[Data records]
□ □ □

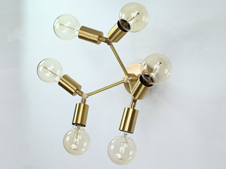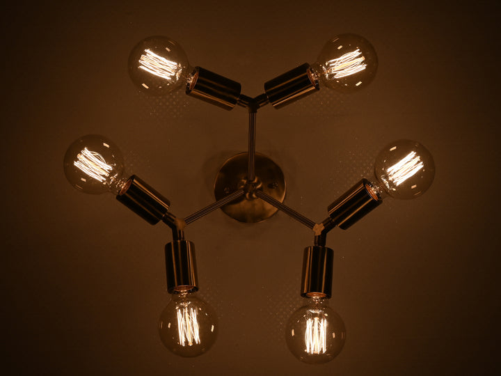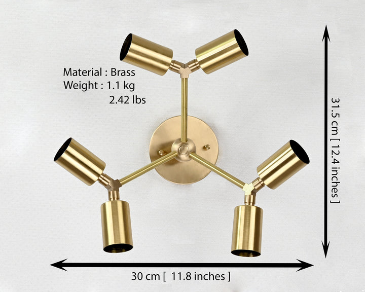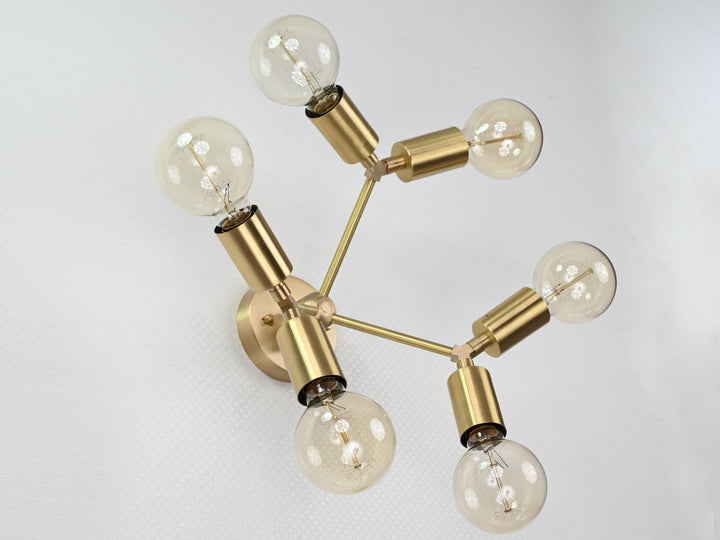 Make a dramatic statement with this sculptural six-light brass wall sconce, designed to infuse your space with warm, contemporary elegance. Measuring 12.4 inches in height and 11.8 inches in width, this standout piece showcases a dynamic arrangement of six angled sockets radiating from a central hub. Crafted entirely from high-quality brass with a smooth, brushed finish, it offers both durability and visual sophistication. Ideal for larger spaces or as a bold focal point, this fixture is perfect for living rooms, creative studios, dining areas, or modern entryways. Whether you opt for vintage Edison bulbs or minimalist LEDs, the open socket design invites you to personalize the look and ambiance. Each angle and arm is meticulously crafted to balance symmetry with movement, creating an eye-catching structure that doubles as illuminated art.
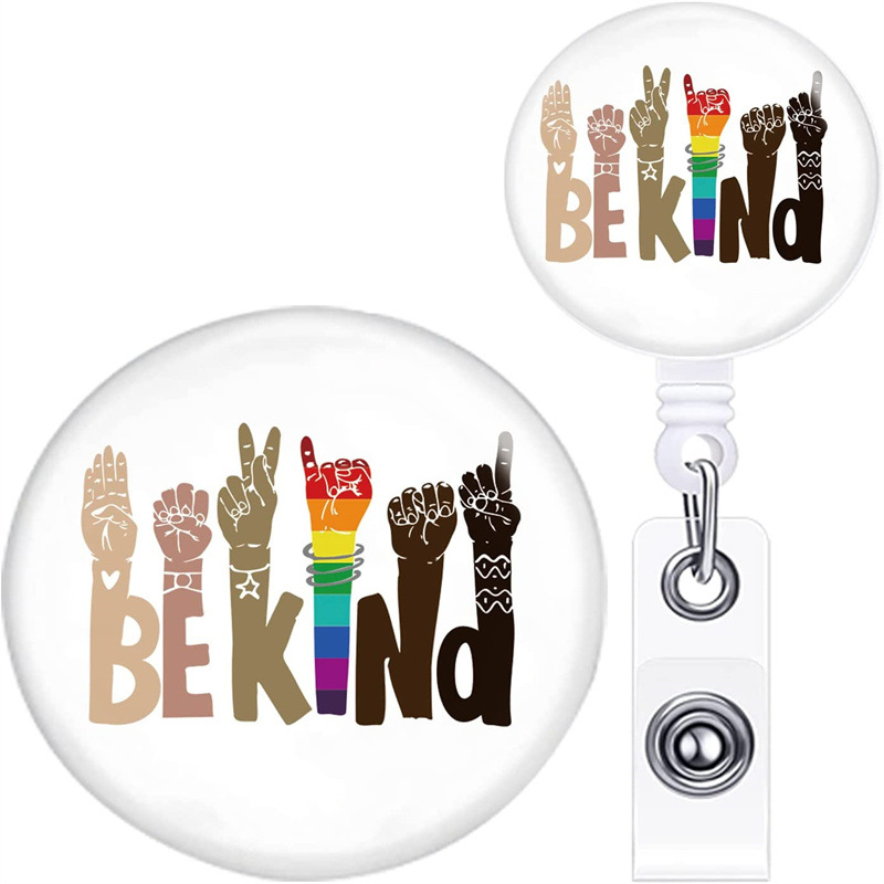 공장 재고 무지개 로고 언어 배지 릴 쉬운 풀 버클 제스처 Be 친절한 배지 카드 클립 장식스토어 가기
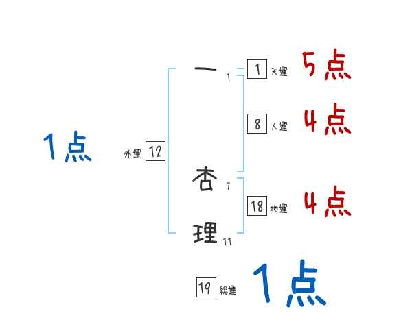 天運![]() | 一杏理さんの天運は1画の5つ星!行動力、指導力があり出世し繁栄する。幸運に恵まれる。 家系が持つ宿命的な運勢を表します。祖先から受け継いだ苗字ですので自分の力が及びません。家柄を象徴します。 |
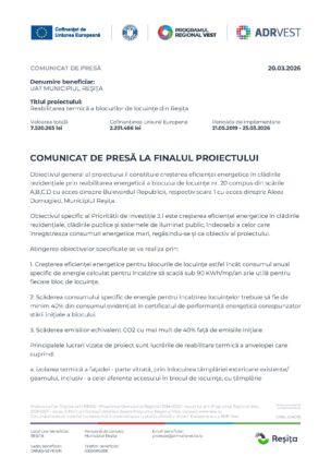 Reabilitarea termică a blocurilor de locuințe din Reșița – SMIS: 324098
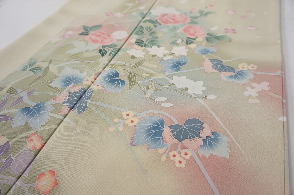 型染め友禅 吉祥花柄 訪問着 正絹 薄柳 黄緑 592
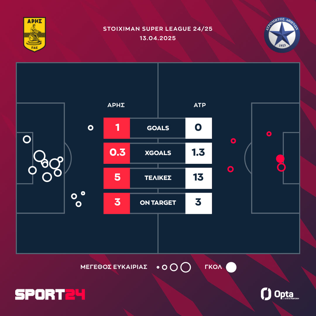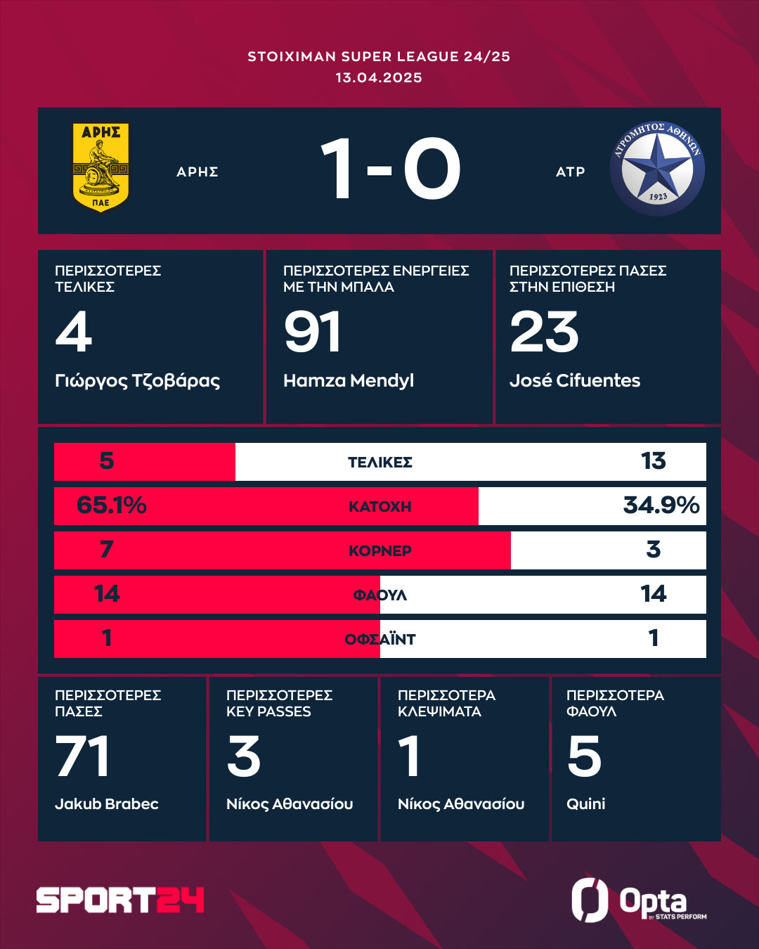 Στο 90+4′ ο Ατρόμητος είχε τη μεγαλύτερη ευκαιρία του στο παιχνίδι, που ήταν μάλιστα διπλή, όμως ο Κουέστα απέκρουσε αρχικά ηρωικά το πλασέ του Μπάκου και στη συνέχεια ο Παλμεζάνο αστόχησε μπροστά σε σχεδόν ανυπεράσπιστη εστία, για να μείνει το 1-0 και να παραμείνει ο Άρης “καβάλα στο άλογο” στη μάχη για την ευρωπαϊκή έξοδο.
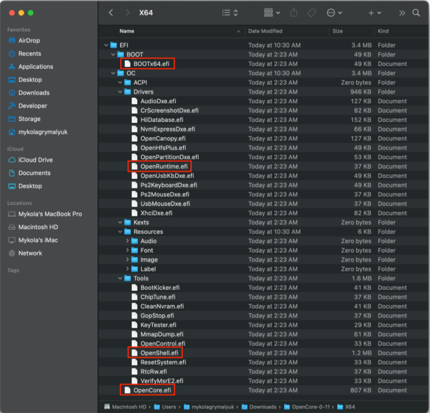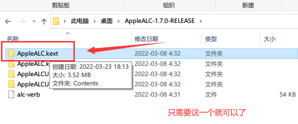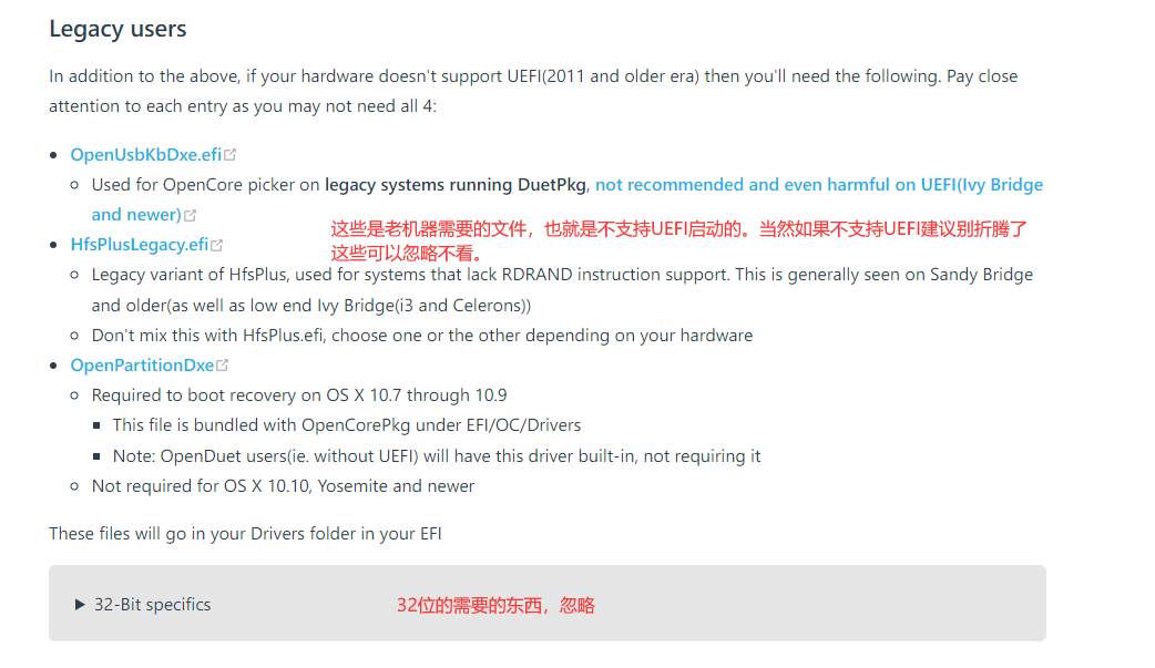 在EFI文件夹中打开各个目录,删除不需要的文件,保持文件最小化,这样出错会少点,其他一切等安装完黑苹果后再微调。以下为官方图,除了红框里的文件,其他全部删除。
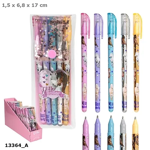 Zestaw 5 brokatowych żelpenów Miss Melody, z wizerunkiem koników. Kolory: srebrny, złoty, fioletowy, różowy i niebieski.
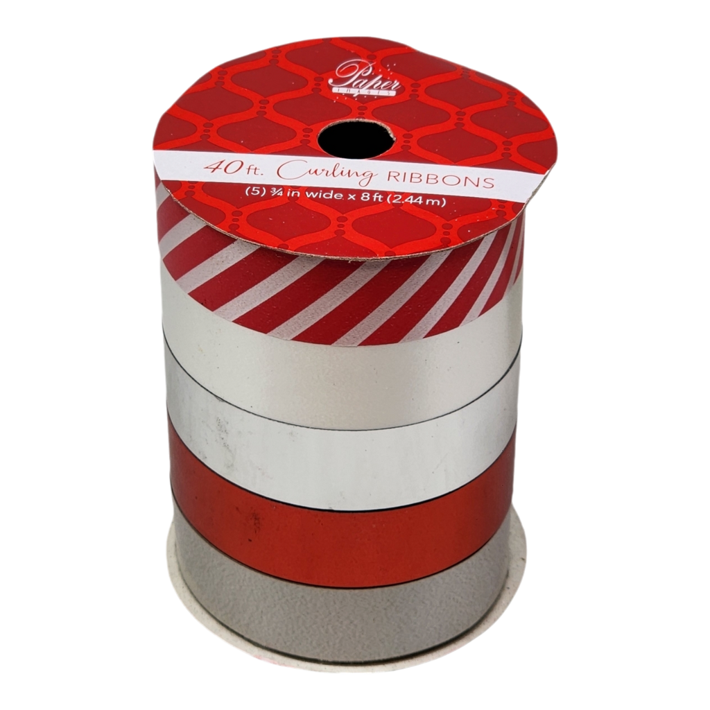 Add a festive touch to your gift-wrapping and crafting projects with this versatile set of Curling Ribbons! This lively assortment features five distinctive designs including vibrant red elegant white shimmering silver and a playful red and white striped pattern. Each roll offers 8 feet of ribbon providing a total of 40 feet of decorative potential all at ¾ inch wide.

□ □ □

### Try it
Your answer must be the exact lines of the records from the first one through the line containing "Στο 90+4′ ο", with no pictures in it.

### Task solution
 Make a dramatic statement with this sculptural six-light brass wall sconce, designed to infuse your space with warm, contemporary elegance. Measuring 12.4 inches in height and 11.8 inches in width, this standout piece showcases a dynamic arrangement of six angled sockets radiating from a central hub. Crafted entirely from high-quality brass with a smooth, brushed finish, it offers both durability and visual sophistication. Ideal for larger spaces or as a bold focal point, this fixture is perfect for living rooms, creative studios, dining areas, or modern entryways. Whether you opt for vintage Edison bulbs or minimalist LEDs, the open socket design invites you to personalize the look and ambiance. Each angle and arm is meticulously crafted to balance symmetry with movement, creating an eye-catching structure that doubles as illuminated art.
 공장 재고 무지개 로고 언어 배지 릴 쉬운 풀 버클 제스처 Be 친절한 배지 카드 클립 장식스토어 가기
 天運![]() | 一杏理さんの天運は1画の5つ星!行動力、指導力があり出世し繁栄する。幸運に恵まれる。 家系が持つ宿命的な運勢を表します。祖先から受け継いだ苗字ですので自分の力が及びません。家柄を象徴します。 |
 Reabilitarea termică a blocurilor de locuințe din Reșița – SMIS: 324098
 型染め友禅 吉祥花柄 訪問着 正絹 薄柳 黄緑 592
 Στο 90+4′ ο Ατρόμητος είχε τη μεγαλύτερη ευκαιρία του στο παιχνίδι, που ήταν μάλιστα διπλή, όμως ο Κουέστα απέκρουσε αρχικά ηρωικά το πλασέ του Μπάκου και στη συνέχεια ο Παλμεζάνο αστόχησε μπροστά σε σχεδόν ανυπεράσπιστη εστία, για να μείνει το 1-0 και να παραμείνει ο Άρης “καβάλα στο άλογο” στη μάχη για την ευρωπαϊκή έξοδο.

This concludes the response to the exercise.